Scott Saifer (www.wenzelcoaching.com) is head coach, CEO of Wenzel Coaching.com and has been coaching cyclists professionally for 18 years. He combines a master's degree in Exercise Physiology with experience in 20 years of touring and racing and over 300 road, track and MTB races to deliver training plans and advice that are both rigorously scientific and compatible with the real world of bike racing.
Scott has helped clients to turn pro as well as to win medals at US Masters National and World Championship events. He has worked with hundreds of beginning riders and racers and particularly enjoys working with the special or challenging rider. Scott is co-author of Bike Racing 101 with Kendra Wenzel and his monthly column appears in ROAD Magazine.
Kelby Bethards, MD received a Bachelor of Science in Electrical Engineering from Iowa State University (1994) before obtaining an M.D. from the University of Iowa College of Medicine in 2000. Has been a racing cyclist 'on and off' for 20 years, and when time allows, he races Cat 3 and 35+. He is a team physician for two local Ft Collins, CO, teams, and currently works Family Practice in multiple settings: rural, urgent care, inpatient and the like.
Pamela Hinton has a bachelor's degree in Molecular Biology and a doctoral degree in Nutritional Sciences, both from the University of Wisconsin-Madison. She did postdoctoral training at Cornell University and is now an associate professor of Nutrition and Exercise Physiology at the University of Missouri-Columbia where she studies the effects of energy balance on bone health. She has published on the effects of cycling and multi-day stage racing on bone density and turnover.
Pam was an All-American in track while at the UW. She started cycling competitively in 2003 and is a three-time Missouri State Road Champion.
David Fleckenstein, MPT, OCS (www.physiopt.com) is a physical therapist practicing in Eagle, ID and the president of Physiotherapy, PA, an outpatient orthopedic clinic focusing in orthopedics, spine, and sportsmedicine care.
His clients have included World and US champions, Olympic athletes and numerous professional athletes. He received his Masters degree in Physical Therapy from Emory University and is currently completing his doctorate at Regis University.
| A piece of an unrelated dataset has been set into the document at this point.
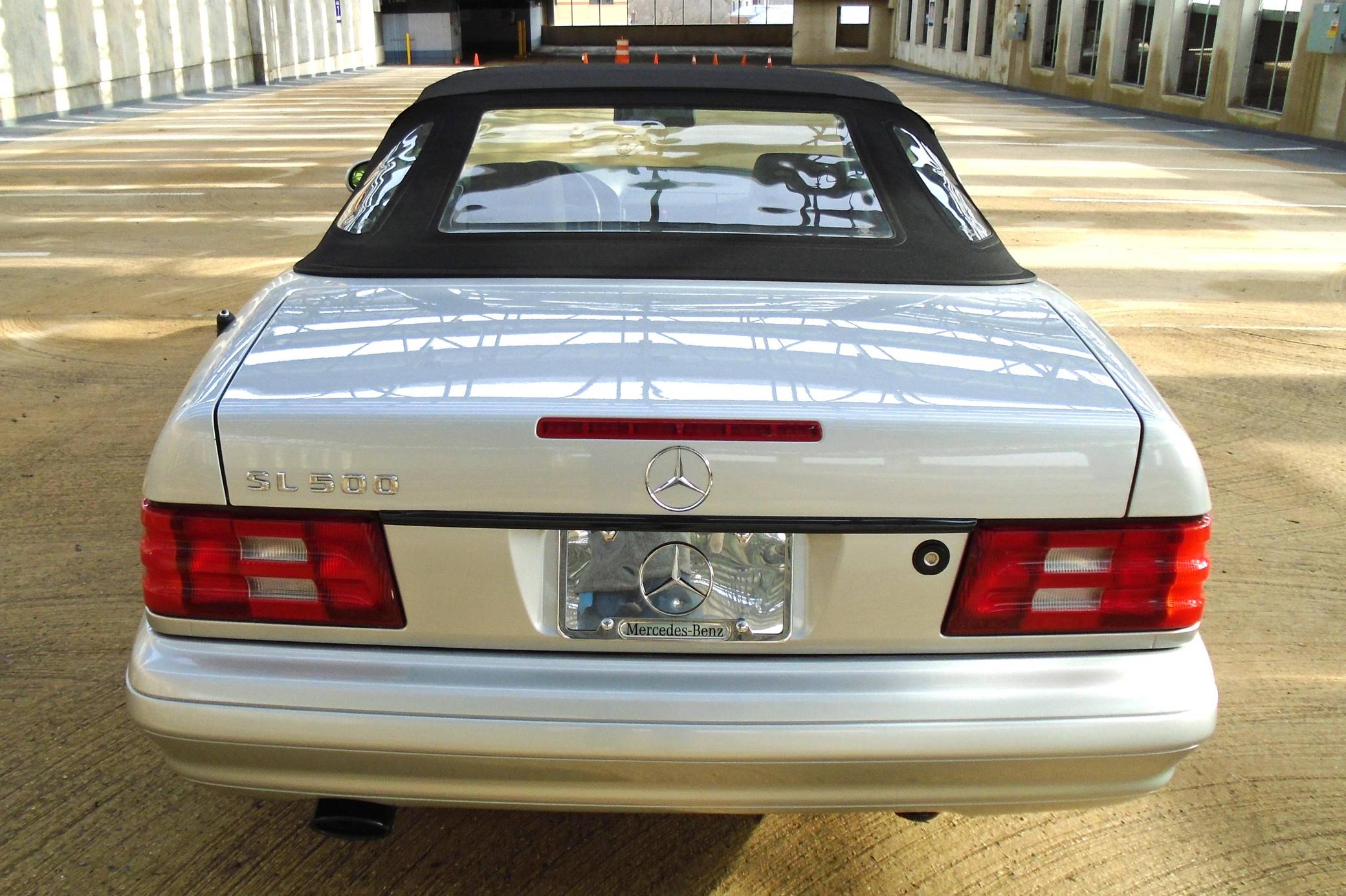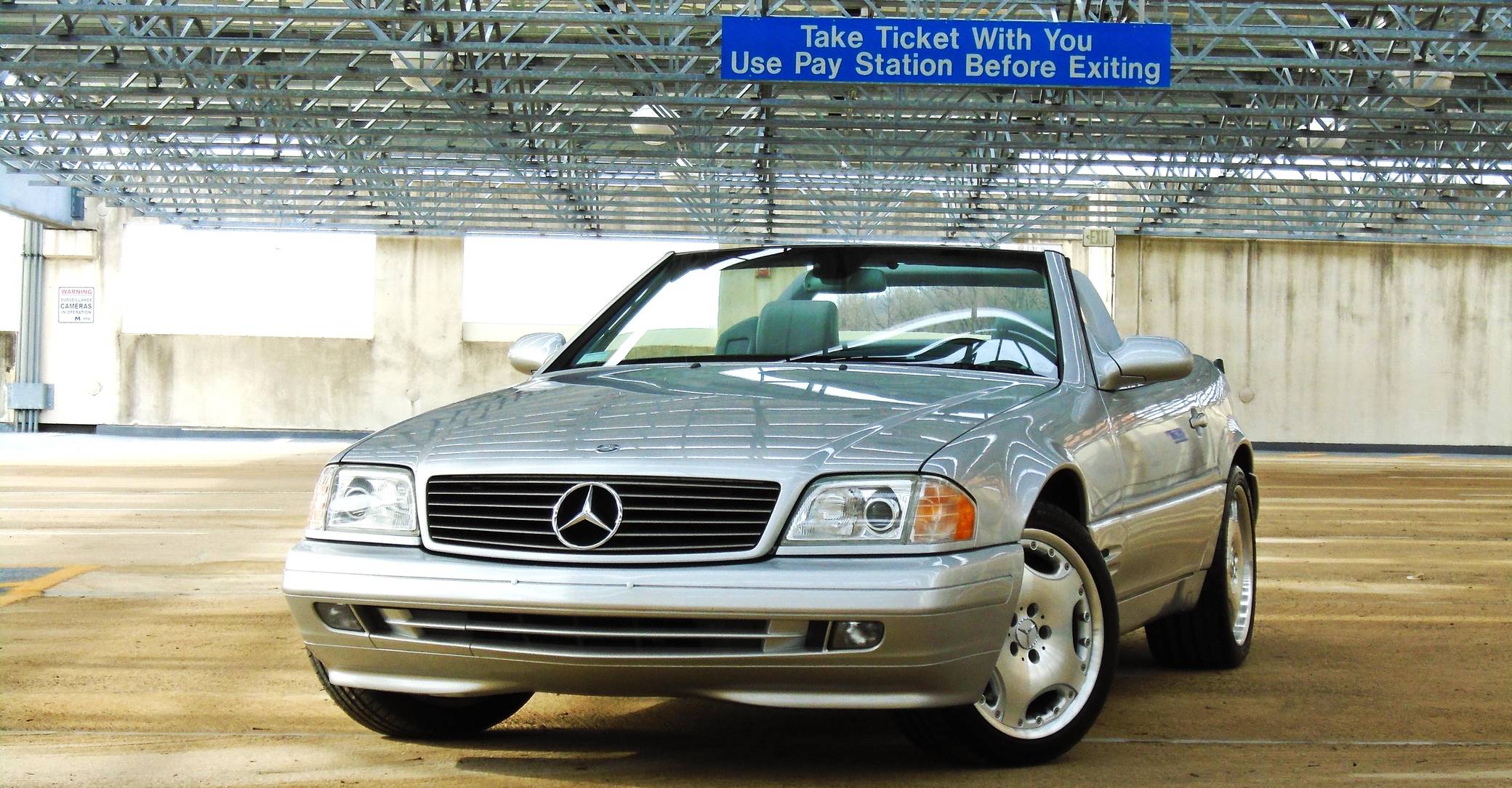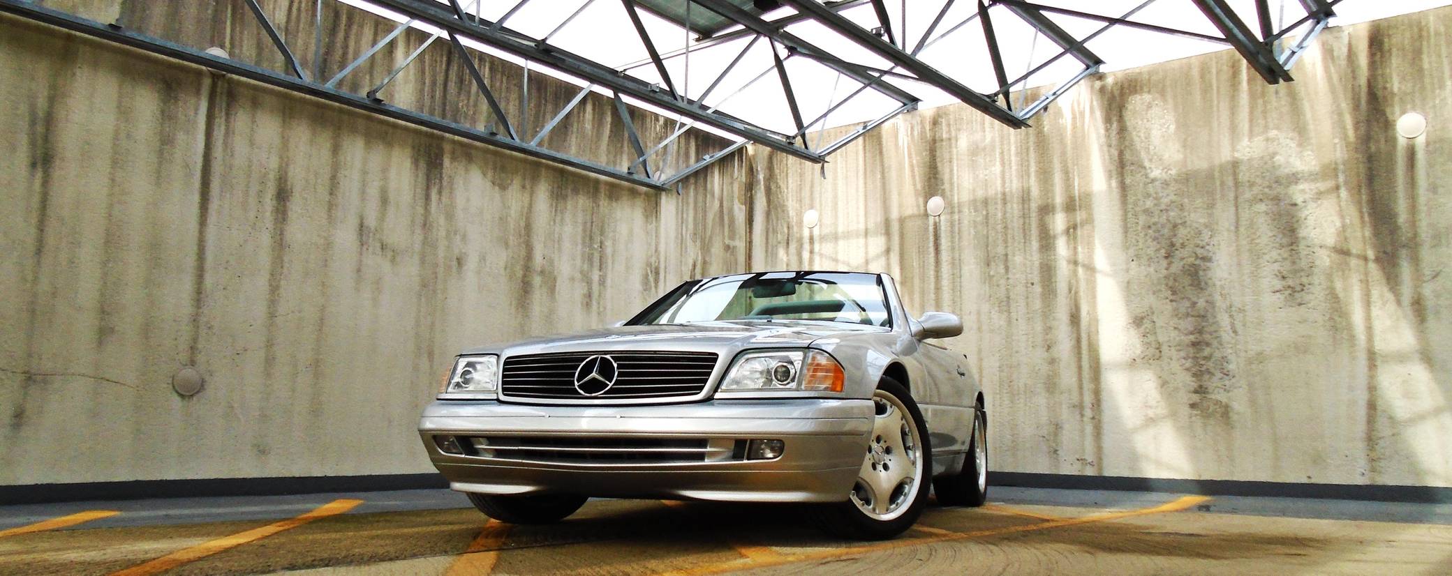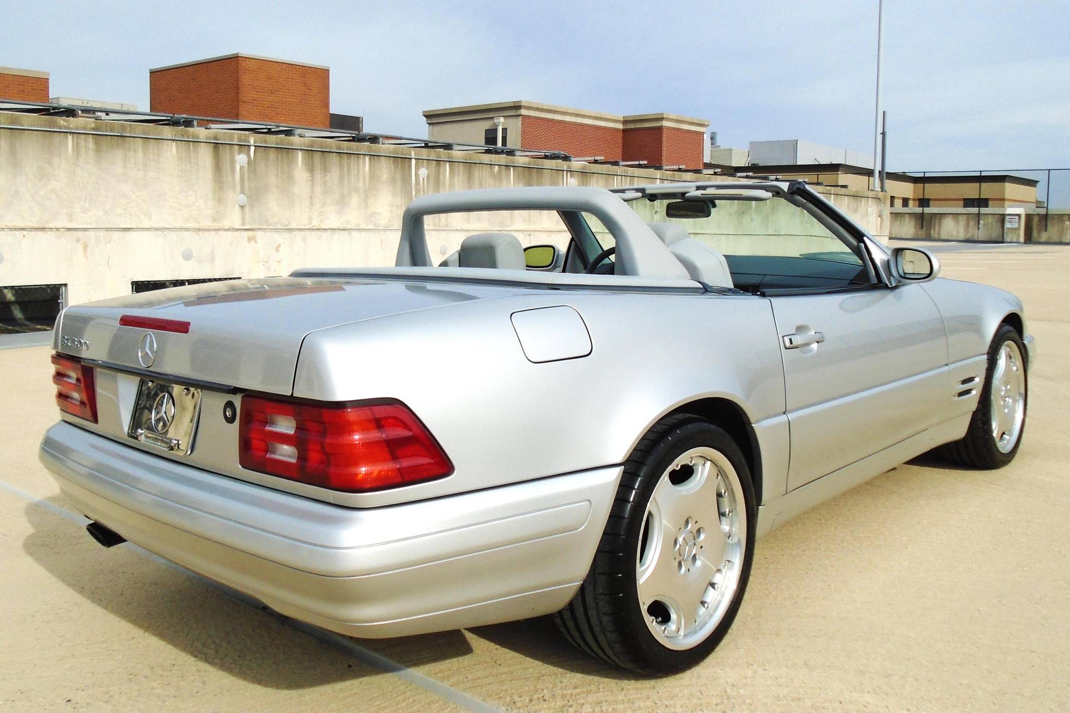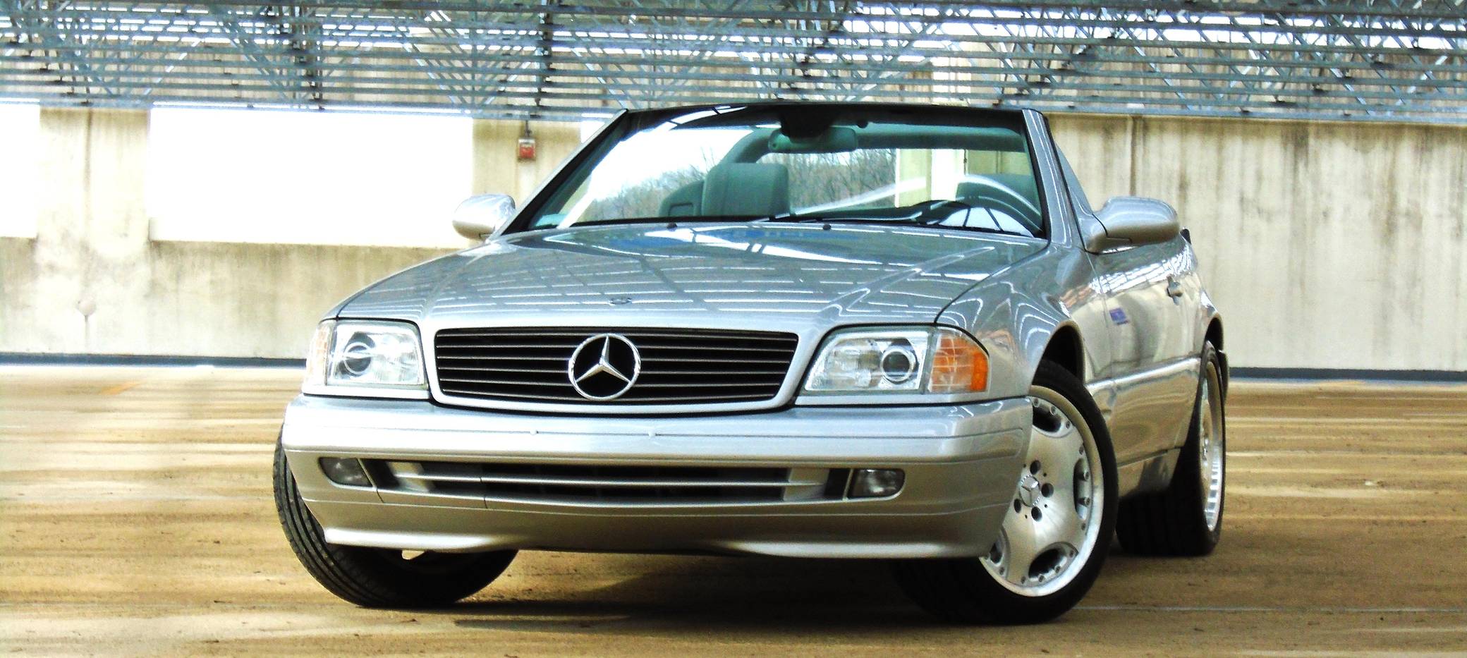 1999 Mercedes-Benz SL500, finished in Brilliant Silver Metallic with a gray interior. The odometer currently displays about 19,500 miles. According to the build sheet provided in the gallery, factory equipment includes a power-retractable soft top, Nappa leather seats, memory function for seats and mirrors, burred walnut root interior trim, a Bose premium audio system, and more. A factory color-matched hardtop is also included. Modifications are limited to a set of 18-inch Lorinser wheels. Mercedes-Benz sold the "R129"-generation SL from 1990 to 2002, and several visual cues (like the shape of the vents behind the front wheels and the rear lights) identify this SL500 as one of the later models built. It's quicker than its predecessor, the long-lived "R107" model, yet it's far simpler than the "R230" model introduced in 2003. Power comes from an "M113" 5. 0-liter V8, rated at 302 horsepower and 339 lb-ft of torque. Output is sent to the rear wheels via a 5-speed automatic transmission.

He is a board certified orthopedic specialist focusing in manual medicine and specific retraining of spine and joint stabilisation musculature. He is a former Cat I road racer and Expert mountain biker.
Carrie Cheadle, MA (www.carriecheadle.com) is a Sports Psychology consultant who has dedicated her career to helping athletes of all ages and abilities perform to their potential. Carrie specialises in working with cyclists, in disciplines ranging from track racing to mountain biking. She holds a bachelors degree in Psychology from Sonoma State University as well as a masters degree in Sport Psychology from John F. Kennedy University.
Dave Palese (www.davepalese.com) is a USA Cycling licensed coach and masters' class road racer with 16 years' race experience. He coaches racers and riders of all abilities from his home in southern Maine, USA, where he lives with his wife Sheryl, daughter Molly, and two cats, Miranda and Mu-Mu.
Dario Fredrick (www.wholeathlete.com) is an exercise physiologist and head coach for Whole Athlete™. He is a former category 1 & semi-pro MTB racer. Dario holds a masters degree in exercise science and a bachelors in sport psychology.